◆ **Exercise instructions**
Exactly as they appear below, repeat the lines from the one with "Tượng Thánh Giu" through the one with "The Scanner section". Drop every picture.

◆ **Available records**

=== Begin Enclosure ===

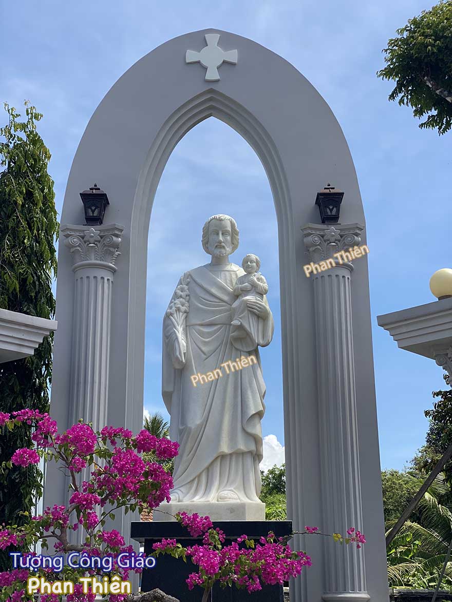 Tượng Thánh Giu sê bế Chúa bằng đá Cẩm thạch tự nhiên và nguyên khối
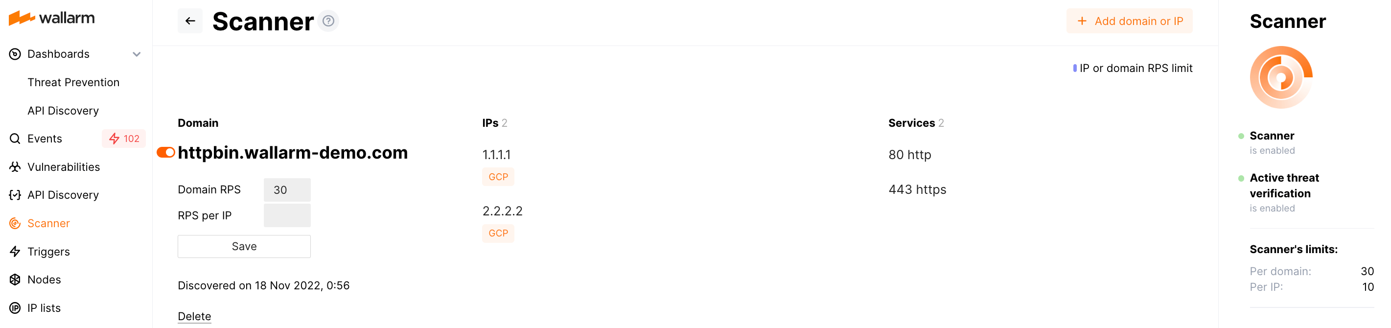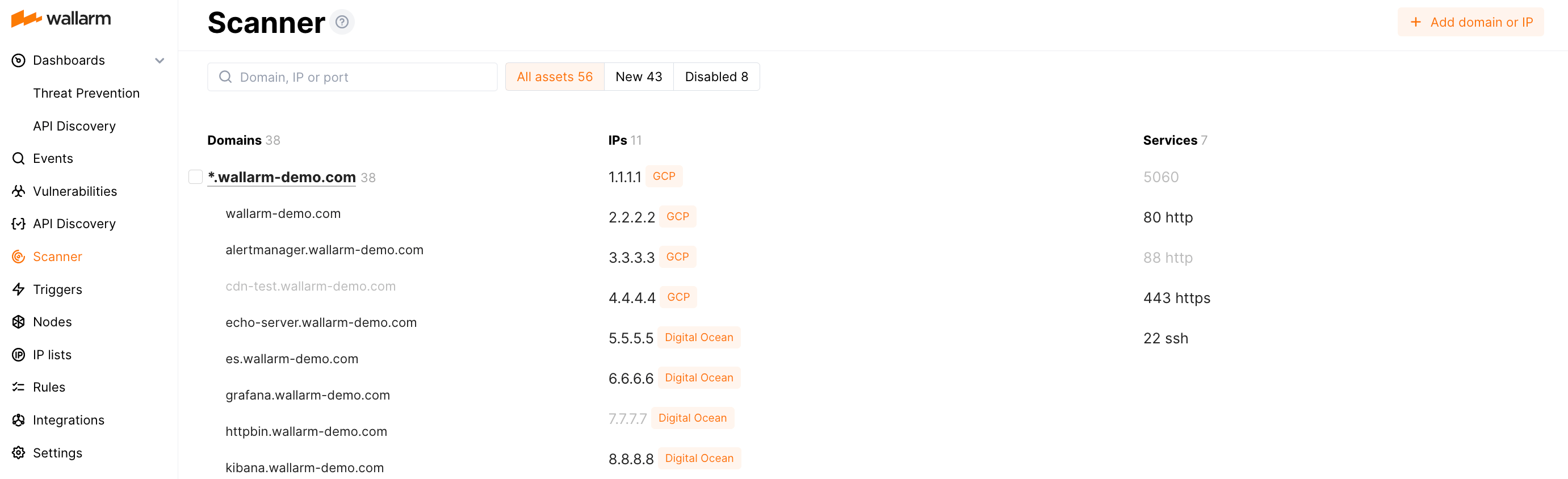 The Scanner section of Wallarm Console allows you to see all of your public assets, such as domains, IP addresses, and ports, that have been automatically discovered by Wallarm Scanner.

=== End Enclosure ===
=== Begin Enclosure ===

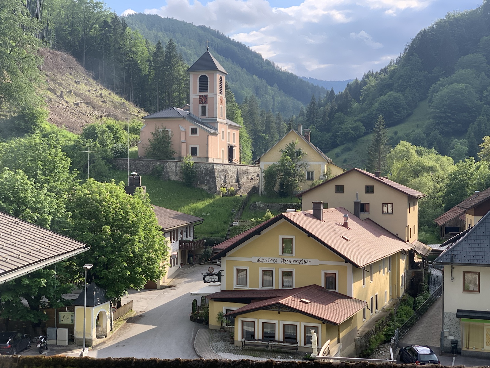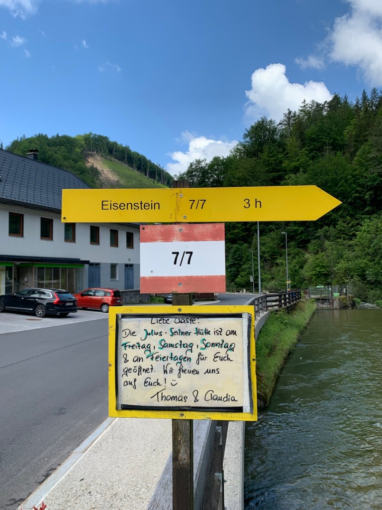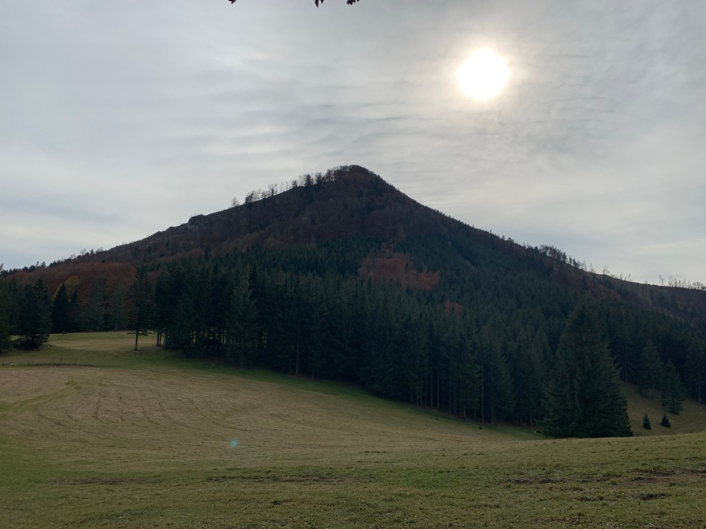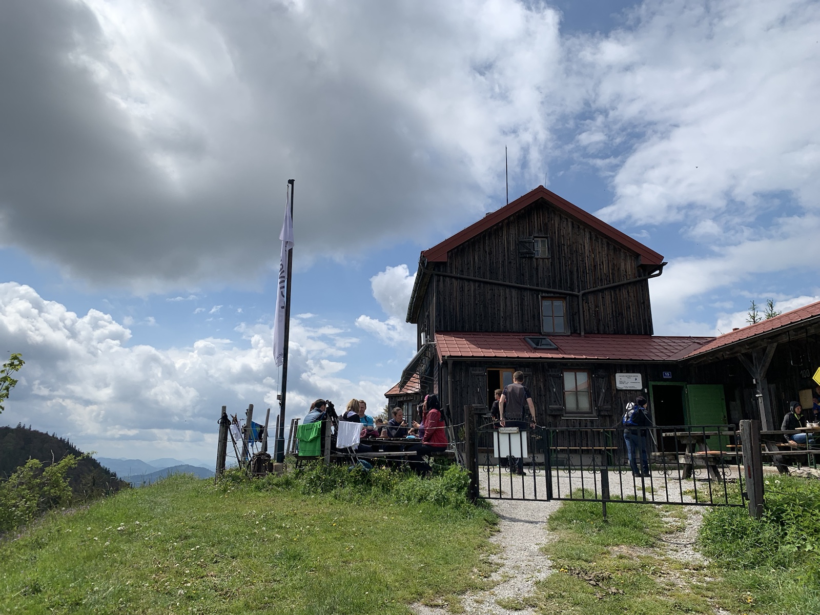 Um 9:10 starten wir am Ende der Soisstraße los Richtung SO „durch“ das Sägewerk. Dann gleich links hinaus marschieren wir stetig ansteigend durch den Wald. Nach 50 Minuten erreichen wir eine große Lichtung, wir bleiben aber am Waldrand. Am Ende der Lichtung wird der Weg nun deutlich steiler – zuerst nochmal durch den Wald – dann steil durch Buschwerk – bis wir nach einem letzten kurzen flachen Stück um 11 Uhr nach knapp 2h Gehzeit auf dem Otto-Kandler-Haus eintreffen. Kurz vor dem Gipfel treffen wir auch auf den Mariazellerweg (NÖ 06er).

=== End Enclosure ===

◆ **Answer space**
 Tượng Thánh Giu sê bế Chúa bằng đá Cẩm thạch tự nhiên và nguyên khối
 The Scanner section of Wallarm Console allows you to see all of your public assets, such as domains, IP addresses, and ports, that have been automatically discovered by Wallarm Scanner.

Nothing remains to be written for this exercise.